Cost Minimization
1. An orange goes through four major steps on its way from grove to grocery store at the Sunkist Citrus Processing Plant in the southern San Joaquin Valley: washing, waxing, grading (inspection), and packaging. The facility's production technology can be represented by the 
following production function:
q=F(L,K)=10L^(1/2)K^(1/2)
Where q denotes the amount of boxes of oranges produced in an hour, L denotes the number of workers, and K denotes the capital (machinery) used in production. The wage rate for a factory worker is $20/hour and the rental rate of capital is $80/hour.

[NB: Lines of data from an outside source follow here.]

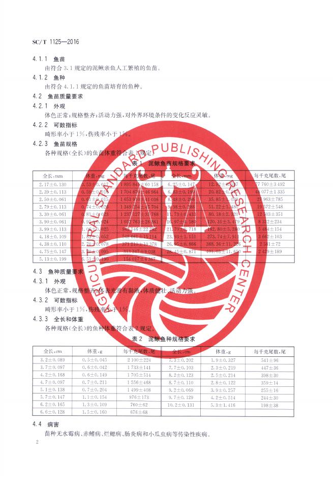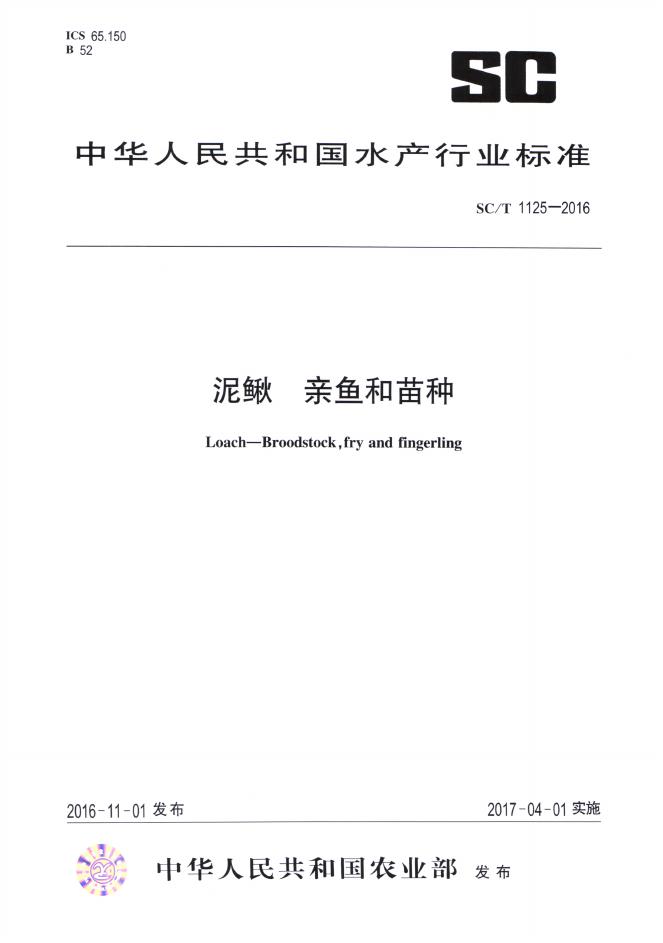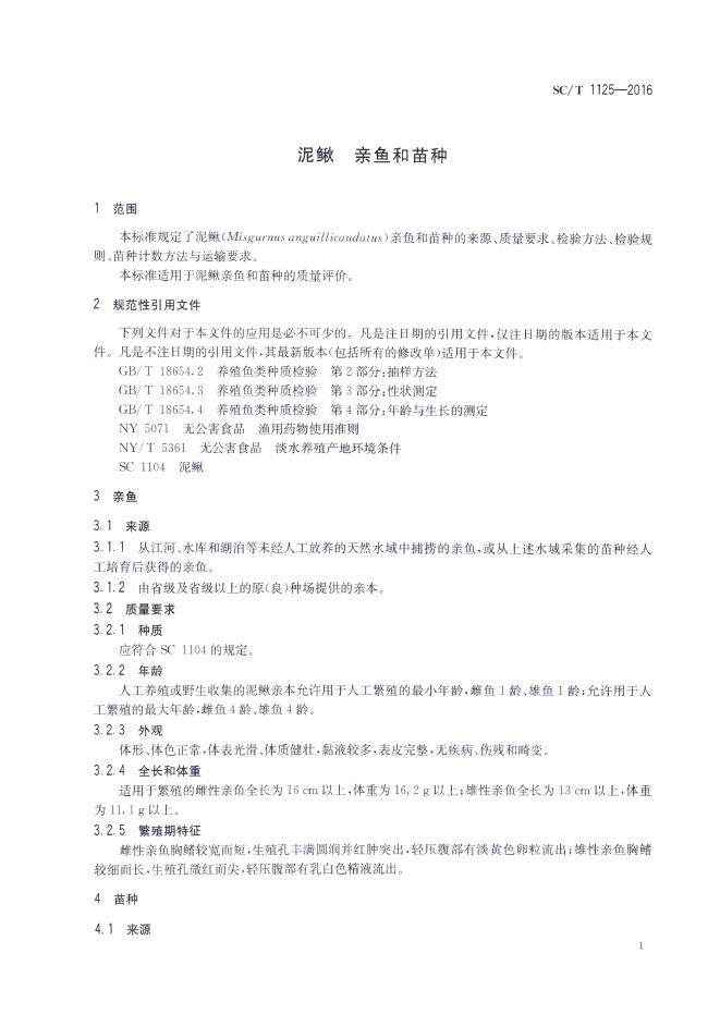 SC/T 1125-2016 泥鳅 亲鱼和苗种
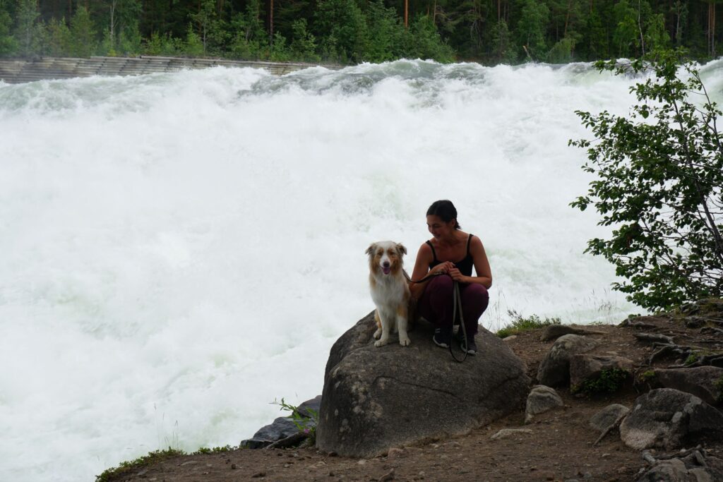 Bei Trollforsen fliesst das Wasser in einem Haupt- sowie einem ruhigen Nebenstrom durch. Letzterer ist sehr idyllisch und beliebt bei Fliegenfischern und Kanuten. Mojo genoss die Wanderung am Wasser sichtlich und kühlte sich dankbar alle paar Meter ab, denn es war hier bei unserem Besuch drückend heiss.
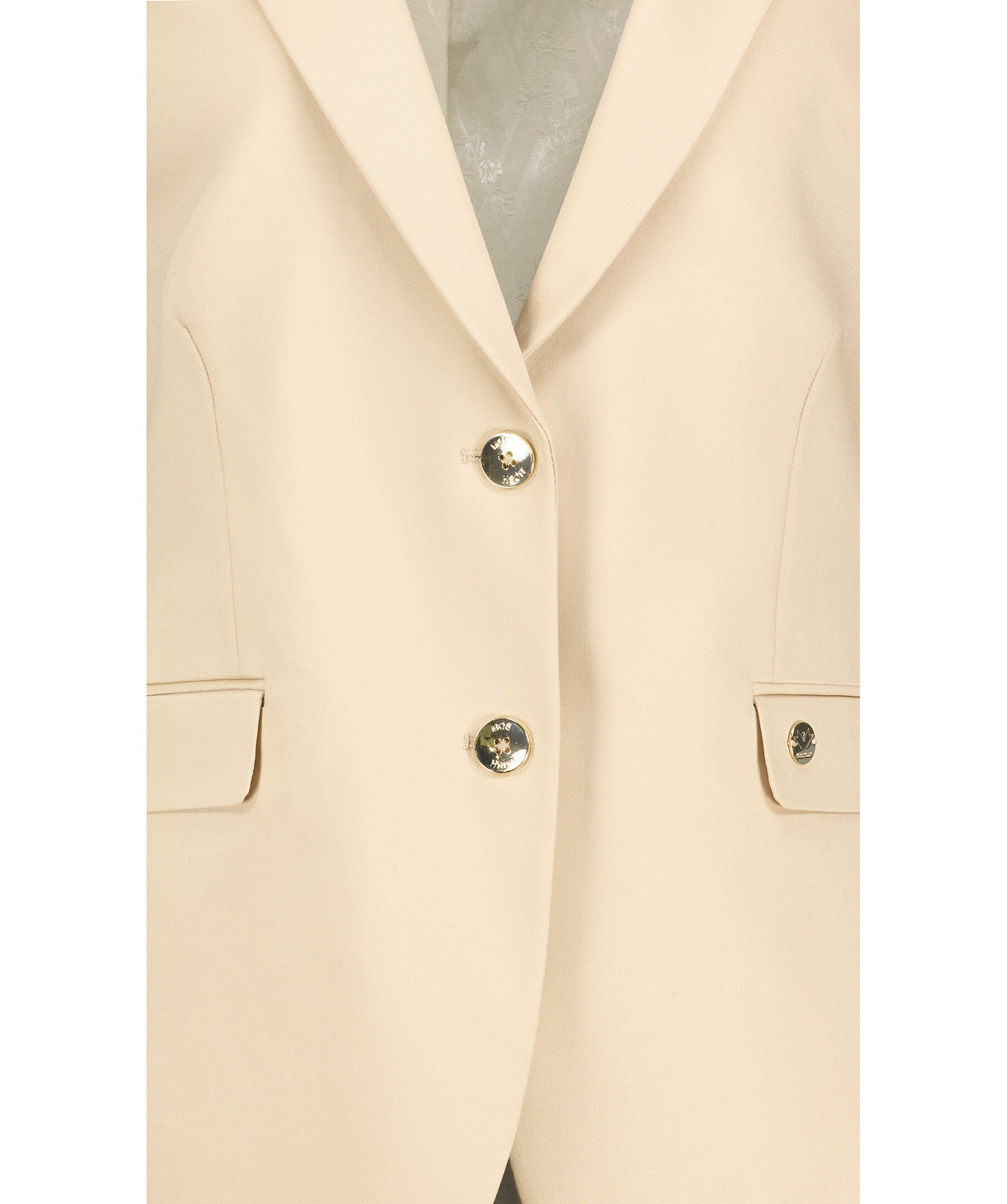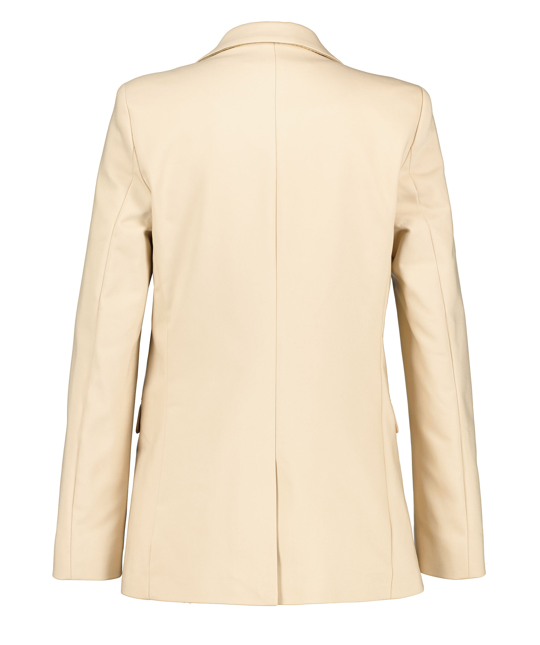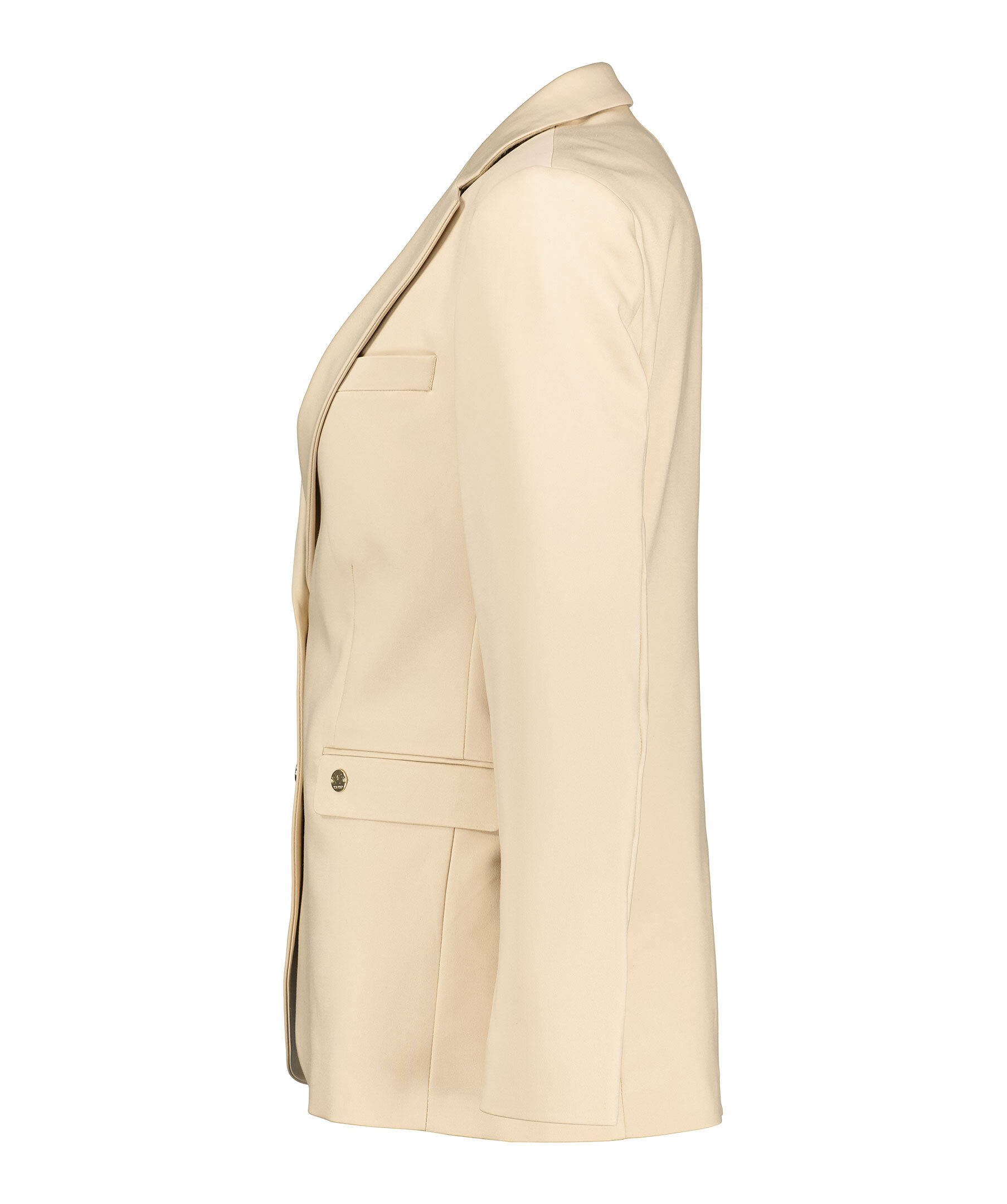 Beige Kavaj från Mos Mosh. Stängs framtill med två guldfärgade knappar. Två fickor framtill med lock, varav en med bricka med logotyp. En snedställd bröstficka på vänster sida. Sprund baktill. Tillverkad i stretchigt material. Aningen Oversized passform.
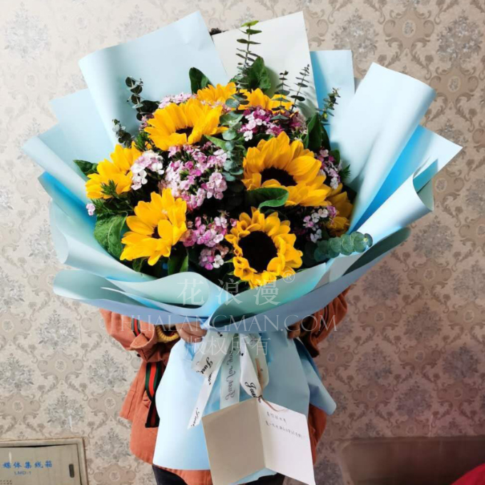 9枝向日葵,相思梅与尤加利配草点缀;如图包装
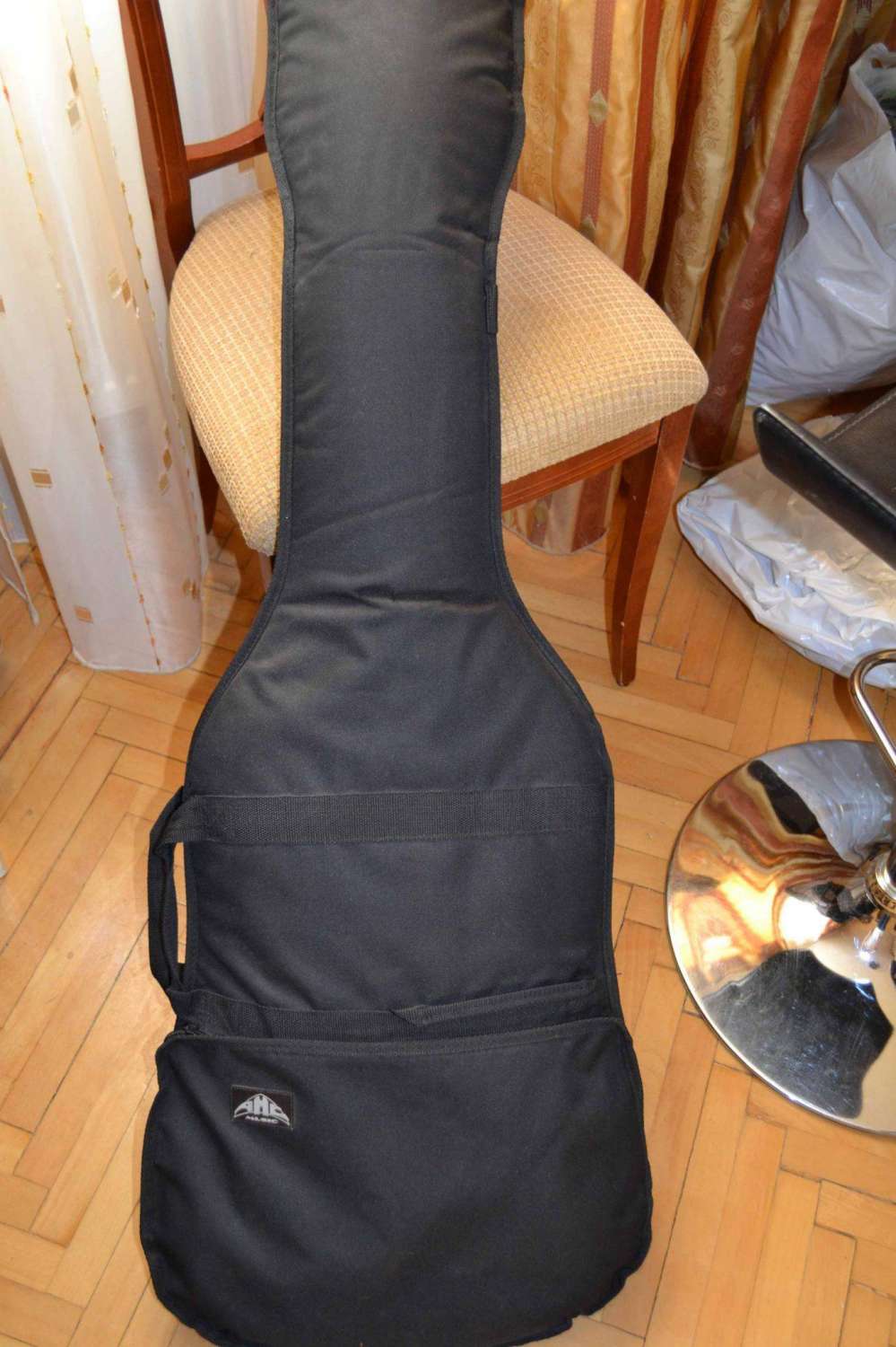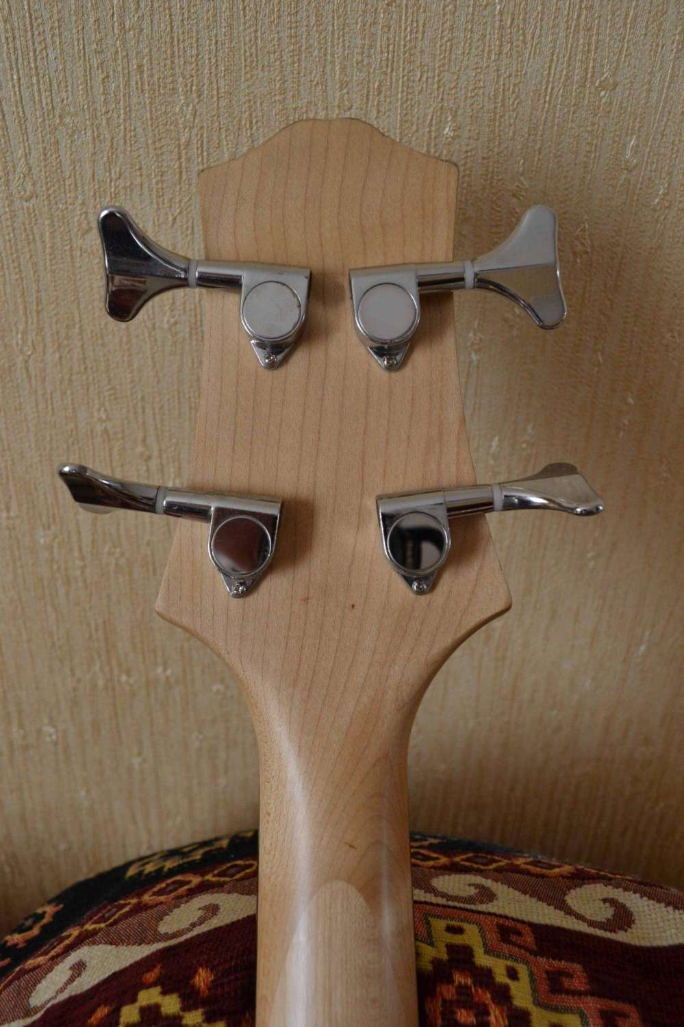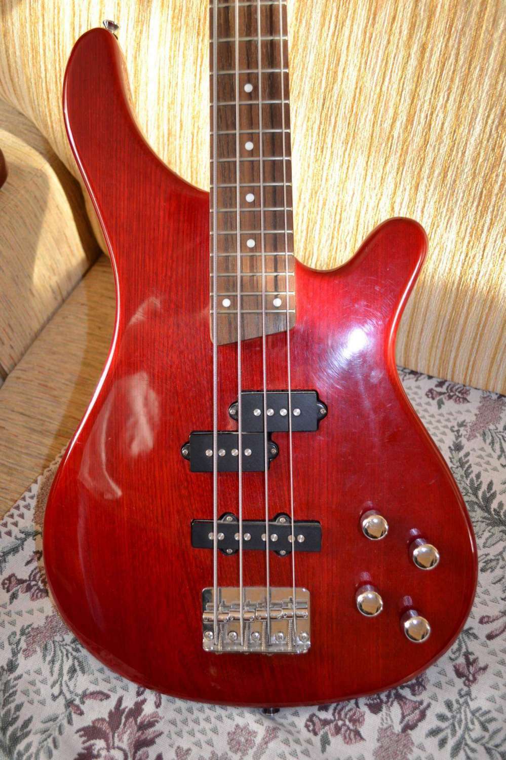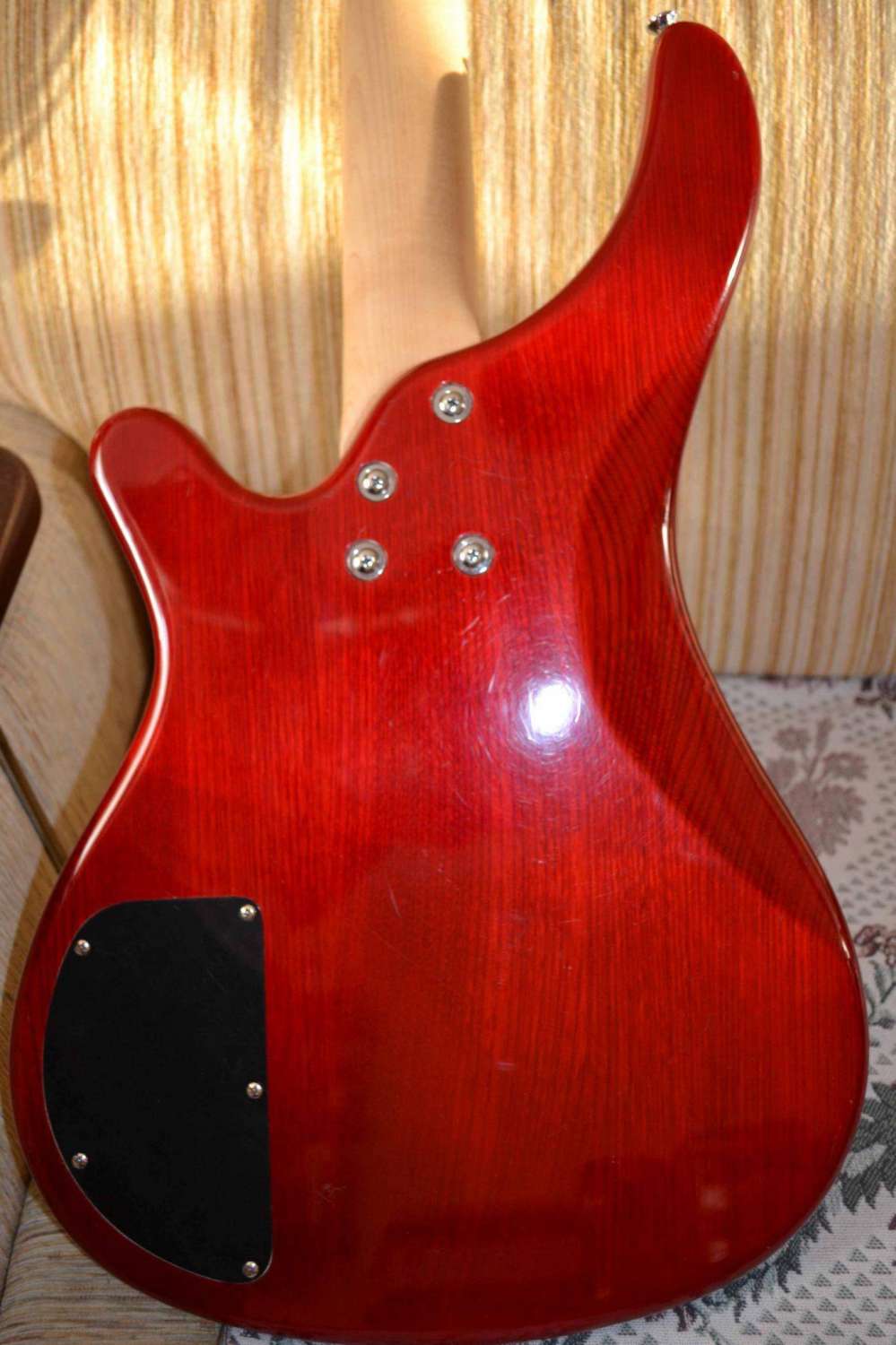 Верхний порожек баса менялся. В комплекте, помимо чехла, отдам еще один новый порожек:) На верхей деке треснул лак, но видно только, если присмотреться. На звук не влияет. Отличный инструмент для начинающего басиста.
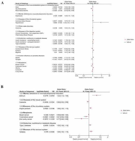 | Disease Category | Specific Disease | OR [95% CI] | p-Value 1 | Effect 2 | Directionality 3 |
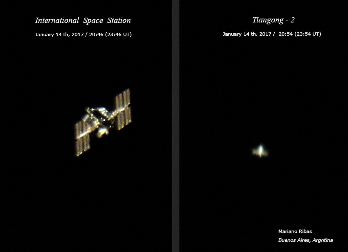 Meanwhile, satellite sleuth Mariano Ribas from Buenos Aires, Argentina has also released some new imagery of the ISS, as well as China’s Tinagong-2 space lab.
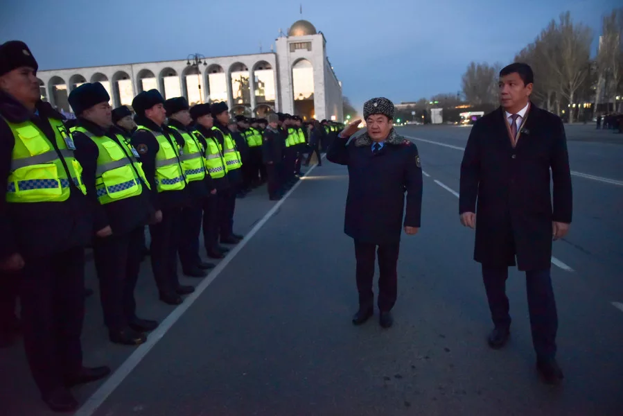 В преддверии новогодних праздников, на площади Ала-Тоо состоялось гарнизонное построение личного состава ГУВД города Бишкек, задействованного в охране общественного порядка и обеспечении безопасности граждан.
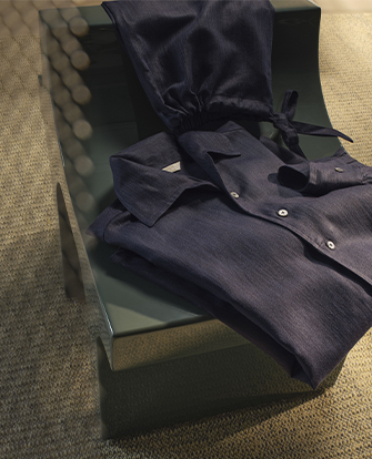 Frette's loungewear for men features the trusted craftsmanship and opulent comfort that all of our products are known for. Each pair of men's luxury pajamas is available in a range of sizes, from medium to extra-large, and includes classic collar and front pockets in a solid colour cotton fabric with contrast piping or pleasing yarn-dyed striped fabric. Choose from solid leather open back slippers or cotton slippers with stylish embroidery and genuine leather details. You'll spend the day in our men's loungewear relaxing in comfort and style.
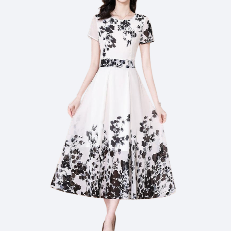 수묵 프린트 디자인, 고급스러운 원단 사용, 편안한 착용감, 데일리 및 특별한 날 모두 활용 가능, 세련된 실루엣 연출

A. What are the cost minimizing quantities of labor and capital when the factory produces 100 boxes of oranges each hour? What are the facility's total costs under this scenario? Use the Method of Lagrange Multipliers.
B. Calculate the values for MPL and MPK when evaluated at the optimal solution in Part A. Then calculate the MRTS and verify (numerically) that the tangency rule holds.
C. Illustrate the optimal input combination found in Part A using a diagram that contains both an isoquant and isocost curve.
D. If the factory's manager decides to increase output to 140 boxes per hour and capital remains fixed (since the decision is made abruptly), how much labor will the facilityrequire in order to produce at minimum cost? What will the facility's total costs be?
E. How will the optimal level of labor and capital be affected in the long run if Sunkist decides to maintain production at 140 boxes? What will resultant total costs be?